Existence of Richardson elements for seaweed Lie algebras of finite type

Seaweed Lie algebras are a natural generalisation of parabolic subalgebras of reductive Lie algebras. A well-known theorem of Richardson says that the adjoint action of a parabolic group has a dense open orbit in the nilpotent radical of its Lie algebra (Richardson, Bull. Lond. Math. Soc. 6 (1974) 21–24.). Elements in the open orbit are called Richardson elements. In (Jensen, Su and Yu, Bull. Lond. Math. Soc. 42 (2009) 1–15.) together with Yu, we generalised Richardson's Theorem and showed that Richardson elements exist for seaweed Lie algebras of type A. Using GAP, we checked that Richardson elements exist for all exceptional simple Lie algebras except E₈, where we found a counterexample.
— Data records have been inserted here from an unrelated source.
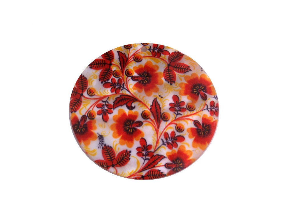 Perleťové placky potištěné, průměr 5cm. Vytvořeno ze silnější vrstvy perletě, tloušťka nemusí být na celé placce stejná, můžou se objevit přírodní zbarvení dohněda a také nerovnosti.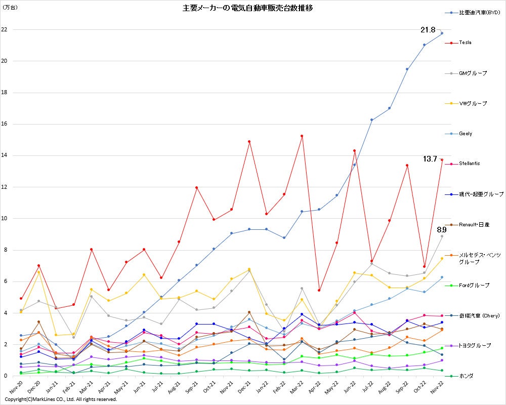 マークラインズ 電気自動車販売月報 2022年11月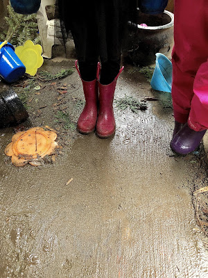 Yesterday it rained hard as we convened on the playground. Most days I try to role model playing
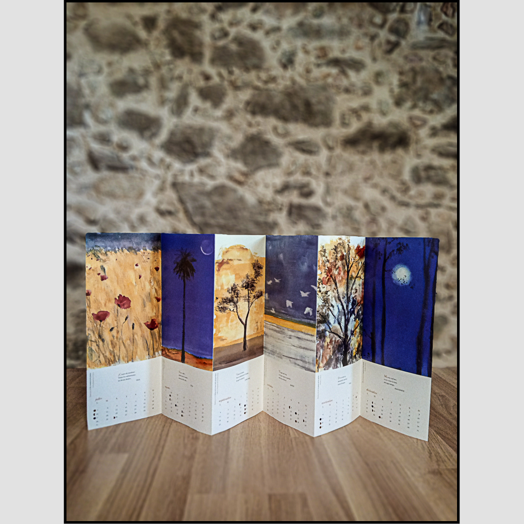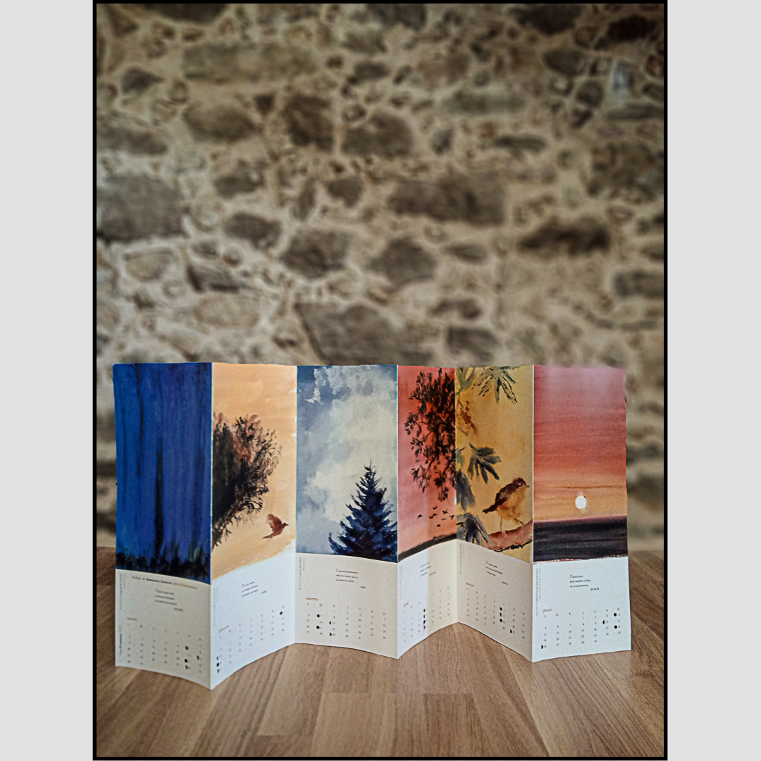 Calendario pictórico y poético, con una selección de haikus clásicos japoneses, acompañado por las acuarelas de Leticia Ruifernández.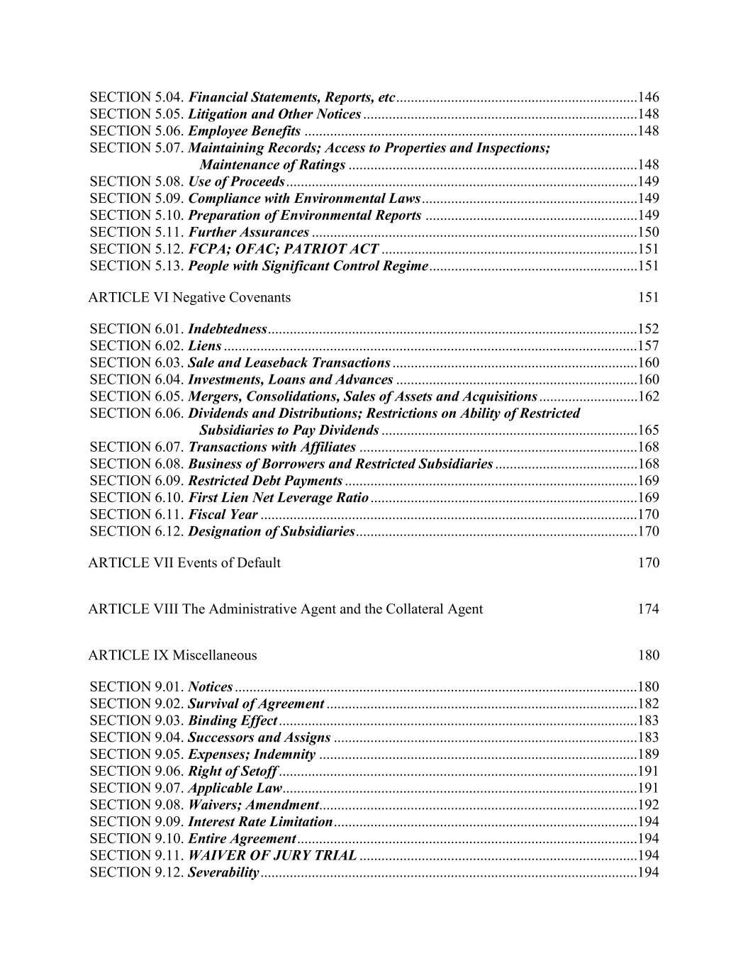 SECTION 5.04. Financial Statements, Reports, etc ..................................................................146 SECTION 5.05. Litigation and Other Notices ...........................................................................148 SECTION 5.06. Employee Benefits ...........................................................................................148 SECTION 5.07. Maintaining Records; Access to Properties and Inspections; Maintenance of Ratings ...............................................................................148 SECTION 5.08. Use of Proceeds ................................................................................................149 SECTION 5.09. Compliance with Environmental Laws ...........................................................149 SECTION 5.10. Preparation of Environmental Reports ..........................................................149 SECTION 5.11. Further Assurances .........................................................................................150 SECTION 5.12. FCPA; OFAC; PATRIOT ACT ......................................................................151 SECTION 5.13. People with Significant Control Regime .........................................................151 ARTICLE VI Negative Covenants 151 SECTION 6.01. Indebtedness .....................................................................................................152 SECTION 6.02. Liens .................................................................................................................157 SECTION 6.03. Sale and Leaseback Transactions ...................................................................160 SECTION 6.04. Investments, Loans and Advances ..................................................................160 SECTION 6.05. Mergers, Consolidations, Sales of Assets and Acquisitions ...........................162 SECTION 6.06. Dividends and Distributions; Restrictions on Ability of Restricted Subsidiaries to Pay Dividends ......................................................................165 SECTION 6.07. Transactions with Affiliates ............................................................................168 SECTION 6.08. Business of Borrowers and Restricted Subsidiaries .......................................168 SECTION 6.09. Restricted Debt Payments ................................................................................169 SECTION 6.10. First Lien Net Leverage Ratio .........................................................................169 SECTION 6.11. Fiscal Year .......................................................................................................170 SECTION 6.12. Designation of Subsidiaries .............................................................................170 ARTICLE VII Events of Default 170 ARTICLE VIII The Administrative Agent and the Collateral Agent 174 ARTICLE IX Miscellaneous 180 SECTION 9.01. Notices ..............................................................................................................180 SECTION 9.02. Survival of Agreement .....................................................................................182 SECTION 9.03. Binding Effect ..................................................................................................183 SECTION 9.04. Successors and Assigns ...................................................................................183 SECTION 9.05. Expenses; Indemnity .......................................................................................189 SECTION 9.06. Right of Setoff ..................................................................................................191 SECTION 9.07. Applicable Law.................................................................................................191 SECTION 9.08. Waivers; Amendment.......................................................................................192 SECTION 9.09. Interest Rate Limitation ...................................................................................194 SECTION 9.10. Entire Agreement .............................................................................................194 SECTION 9.11. WAIVER OF JURY TRIAL ............................................................................194 SECTION 9.12. Severability .......................................................................................................194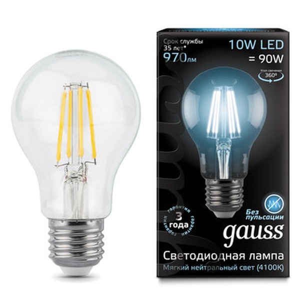 | Светодиодная лампа Gauss A60 12Вт 150-265В 4100К E27 филамент | 335,58 ¤/ шт. |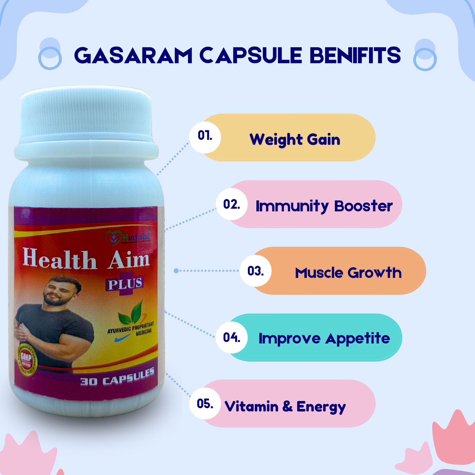 weight gainer Health Aim Plus Capsule & Gasaram Capsule for वजन बढ़ाता है, increases immunity, body building, removes acidity, relieves nausea, relieves constipation, improves food taste

In this paper, we complete the story on Richardson elements for seaweed Lie algebras of finite type, by showing that they exist for any seaweed Lie algebra of type B, C and D. By decomposing a seaweed Lie algebra into a sum of subalgebras and analysing their stabilisers, we obtain a sufficient condition for the existence of Richardson elements. The sufficient condition is then verified using quiver representation theory. More precisely, using the categorical construction of Richardson elements in type A, we prove that the sufficient condition is satisfied for all seaweed Lie algebras of type B, C and D, except in two special cases, where we give a direct proof.